How to compare differential-rotation models.

The example uses the RotatedSunFrame coordinate metaframe in sunpy.coordinates to apply differential rotation to a coordinate. See Differential rotation using coordinate frames for more details on using RotatedSunFrame.

import matplotlib.pyplot as plt

import astropy.units as u
from astropy.coordinates import SkyCoord

import sunpy.map
from sunpy.coordinates import HeliographicStonyhurst, RotatedSunFrame
from sunpy.data.sample import AIA_335_IMAGE
from sunpy.sun.constants import sidereal_rotation_rate

First, we use an AIA observation primarily as a pretty background. We also define the meridian using a two-element coordinate array of the south pole and the north pole at zero longitude.

aiamap = sunpy.map.Map(AIA_335_IMAGE)
meridian = SkyCoord(0*u.deg, [-90, 90]*u.deg, frame=HeliographicStonyhurst,
                    obstime=aiamap.date)

Next, we calculate the sidereal rotation period of the Sun. This is the time for a full rotation relative to an inertial reference frame (e.g., distant stars), as opposed to the synodic period, which is the apparent rotation period as seen from an Earth-based observer. Since the Earth orbits the Sun in the same direction as the Sun rotates, the Sun appears to rotate slower for an Earth-based observer.

sidereal_period = 360*u.deg / sidereal_rotation_rate
print(sidereal_period)

25.379994924001014 d

We use RotatedSunFrame to rotate the meridian by one sidereal period using each of the available differential-rotation models. See diff_rot() for details on each model.

rotated_meridian = {}
for model in ['howard', 'snodgrass', 'allen', 'rigid']:
    rotated_meridian[model] = SkyCoord(RotatedSunFrame(base=meridian,
                                                       duration=sidereal_period,
                                                       rotation_model=model))
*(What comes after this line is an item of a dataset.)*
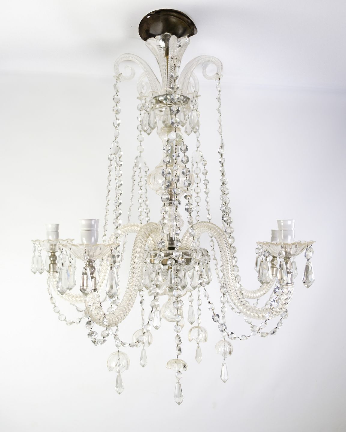 Großer Prismen-Kronleuchter mit fünf Glasarmen und elektrischem Leuchtmittel aus den 1930er Jahren. Hat viele schöne Prismen und befindet sich in sehr schönem antiken Zustand.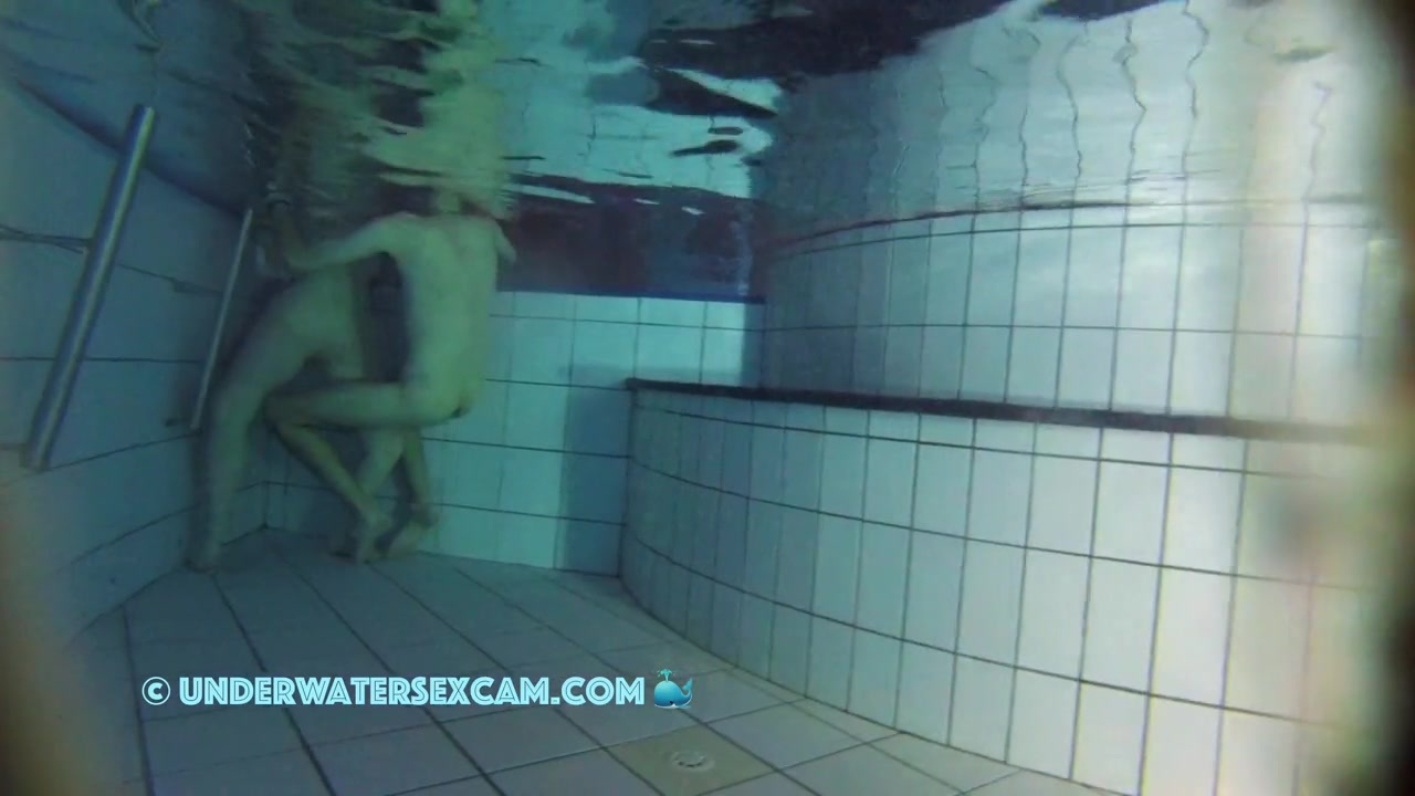 Teen couple watching each other masturbating while the voyeur is tryomg to film them underwater in a public pool at night with a hidden cam.

Finally, we plot the differentially rotated meridians over the map, using draw_quadrangle() to conveniently draw a line of constant longitude in the original frame between two endpoints. (One could instead use astropy.visualization.wcsaxes.WCSAxes.plot_coord(), but then meridian would need to consist of a sequence of many points spanning all latitudes between the two poles to render as desired.) Note that the “rigid” model appears as the meridian again as expected for a rotation of exactly one sidereal period.

fig = plt.figure()
ax = fig.add_subplot(projection=aiamap)
aiamap.plot(axes=ax, clip_interval=(0.5, 99.9)*u.percent)

colors = {
    'howard': 'red',
    'snodgrass': 'green',
    'allen': 'yellow',
    'rigid': 'white',
}
for model, coord in rotated_meridian.items():
    aiamap.draw_quadrangle(coord, axes=ax, edgecolor=colors[model],
                           label=model.capitalize())

ax.legend()
ax.set_title(f'{sidereal_period:.2f} of solar rotation')

plt.show()